**The problem**. Write out all of the records precisely. Skip anything that is a picture.
*** Block opens ***
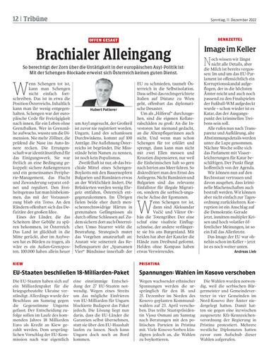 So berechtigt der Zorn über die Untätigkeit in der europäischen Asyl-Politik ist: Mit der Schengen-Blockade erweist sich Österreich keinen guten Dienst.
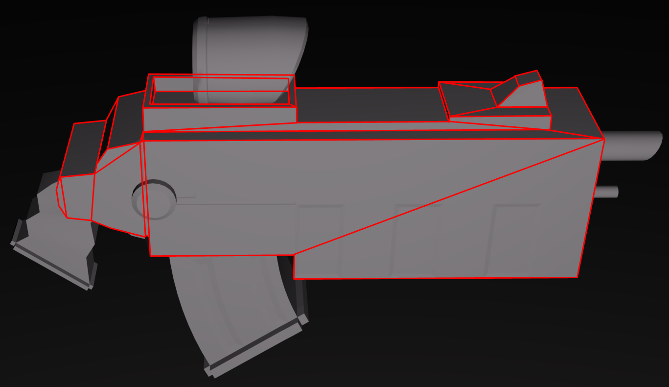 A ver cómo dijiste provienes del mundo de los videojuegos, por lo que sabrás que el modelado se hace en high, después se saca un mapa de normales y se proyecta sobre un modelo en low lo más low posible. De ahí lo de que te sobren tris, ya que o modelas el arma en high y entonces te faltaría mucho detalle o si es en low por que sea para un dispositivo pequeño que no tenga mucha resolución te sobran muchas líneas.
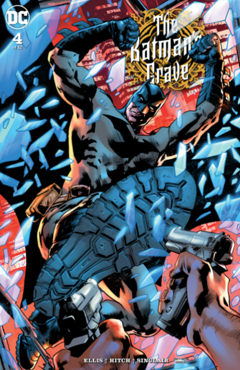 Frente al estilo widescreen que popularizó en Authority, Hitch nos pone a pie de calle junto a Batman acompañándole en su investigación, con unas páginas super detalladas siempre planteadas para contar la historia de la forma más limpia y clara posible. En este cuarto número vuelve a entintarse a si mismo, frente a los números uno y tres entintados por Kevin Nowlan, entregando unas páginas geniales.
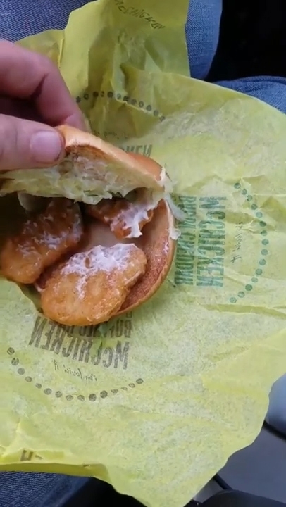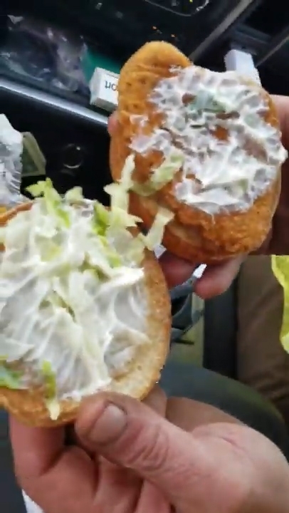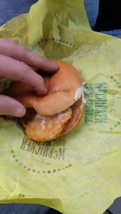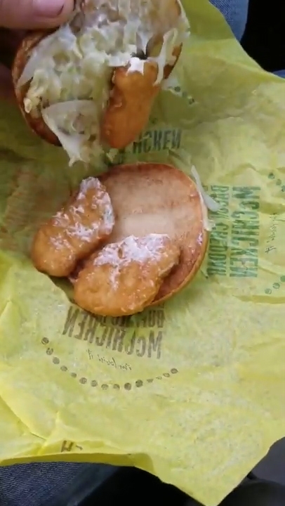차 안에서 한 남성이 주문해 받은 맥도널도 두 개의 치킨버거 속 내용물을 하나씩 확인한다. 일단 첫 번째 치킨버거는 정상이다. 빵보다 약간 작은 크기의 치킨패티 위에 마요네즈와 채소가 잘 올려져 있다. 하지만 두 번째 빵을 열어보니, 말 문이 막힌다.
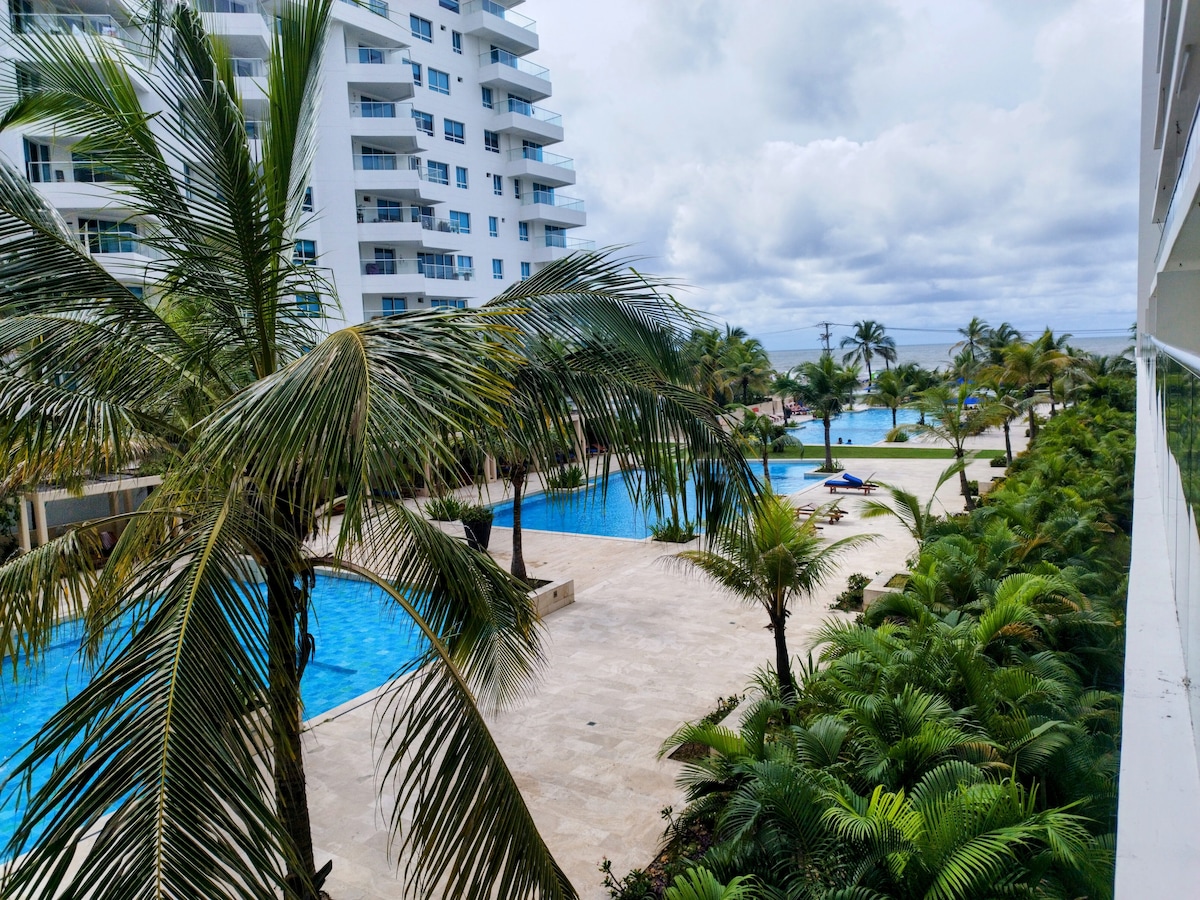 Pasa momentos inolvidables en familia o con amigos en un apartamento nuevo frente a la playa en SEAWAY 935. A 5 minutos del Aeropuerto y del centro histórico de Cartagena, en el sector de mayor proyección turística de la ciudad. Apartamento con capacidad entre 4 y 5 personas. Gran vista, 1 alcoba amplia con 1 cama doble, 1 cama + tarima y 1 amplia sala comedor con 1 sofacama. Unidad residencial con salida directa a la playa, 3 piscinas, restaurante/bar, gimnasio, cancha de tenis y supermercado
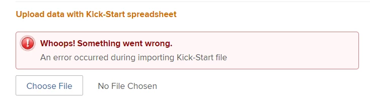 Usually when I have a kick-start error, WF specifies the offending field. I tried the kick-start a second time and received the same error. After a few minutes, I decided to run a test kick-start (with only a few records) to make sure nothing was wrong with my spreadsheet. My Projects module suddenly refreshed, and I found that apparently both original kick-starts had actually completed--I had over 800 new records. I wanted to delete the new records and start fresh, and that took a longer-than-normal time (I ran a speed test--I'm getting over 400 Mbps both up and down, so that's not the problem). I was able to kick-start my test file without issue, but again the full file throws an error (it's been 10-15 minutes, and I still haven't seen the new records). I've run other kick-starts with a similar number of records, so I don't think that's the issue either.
*** Block closes ***
**Task output**.
 So berechtigt der Zorn über die Untätigkeit in der europäischen Asyl-Politik ist: Mit der Schengen-Blockade erweist sich Österreich keinen guten Dienst.
 A ver cómo dijiste provienes del mundo de los videojuegos, por lo que sabrás que el modelado se hace en high, después se saca un mapa de normales y se proyecta sobre un modelo en low lo más low posible. De ahí lo de que te sobren tris, ya que o modelas el arma en high y entonces te faltaría mucho detalle o si es en low por que sea para un dispositivo pequeño que no tenga mucha resolución te sobran muchas líneas.
 Frente al estilo widescreen que popularizó en Authority, Hitch nos pone a pie de calle junto a Batman acompañándole en su investigación, con unas páginas super detalladas siempre planteadas para contar la historia de la forma más limpia y clara posible. En este cuarto número vuelve a entintarse a si mismo, frente a los números uno y tres entintados por Kevin Nowlan, entregando unas páginas geniales.
차 안에서 한 남성이 주문해 받은 맥도널도 두 개의 치킨버거 속 내용물을 하나씩 확인한다. 일단 첫 번째 치킨버거는 정상이다. 빵보다 약간 작은 크기의 치킨패티 위에 마요네즈와 채소가 잘 올려져 있다. 하지만 두 번째 빵을 열어보니, 말 문이 막힌다.
 Pasa momentos inolvidables en familia o con amigos en un apartamento nuevo frente a la playa en SEAWAY 935. A 5 minutos del Aeropuerto y del centro histórico de Cartagena, en el sector de mayor proyección turística de la ciudad. Apartamento con capacidad entre 4 y 5 personas. Gran vista, 1 alcoba amplia con 1 cama doble, 1 cama + tarima y 1 amplia sala comedor con 1 sofacama. Unidad residencial con salida directa a la playa, 3 piscinas, restaurante/bar, gimnasio, cancha de tenis y supermercado
 Usually when I have a kick-start error, WF specifies the offending field. I tried the kick-start a second time and received the same error. After a few minutes, I decided to run a test kick-start (with only a few records) to make sure nothing was wrong with my spreadsheet. My Projects module suddenly refreshed, and I found that apparently both original kick-starts had actually completed--I had over 800 new records. I wanted to delete the new records and start fresh, and that took a longer-than-normal time (I ran a speed test--I'm getting over 400 Mbps both up and down, so that's not the problem). I was able to kick-start my test file without issue, but again the full file throws an error (it's been 10-15 minutes, and I still haven't seen the new records). I've run other kick-starts with a similar number of records, so I don't think that's the issue either.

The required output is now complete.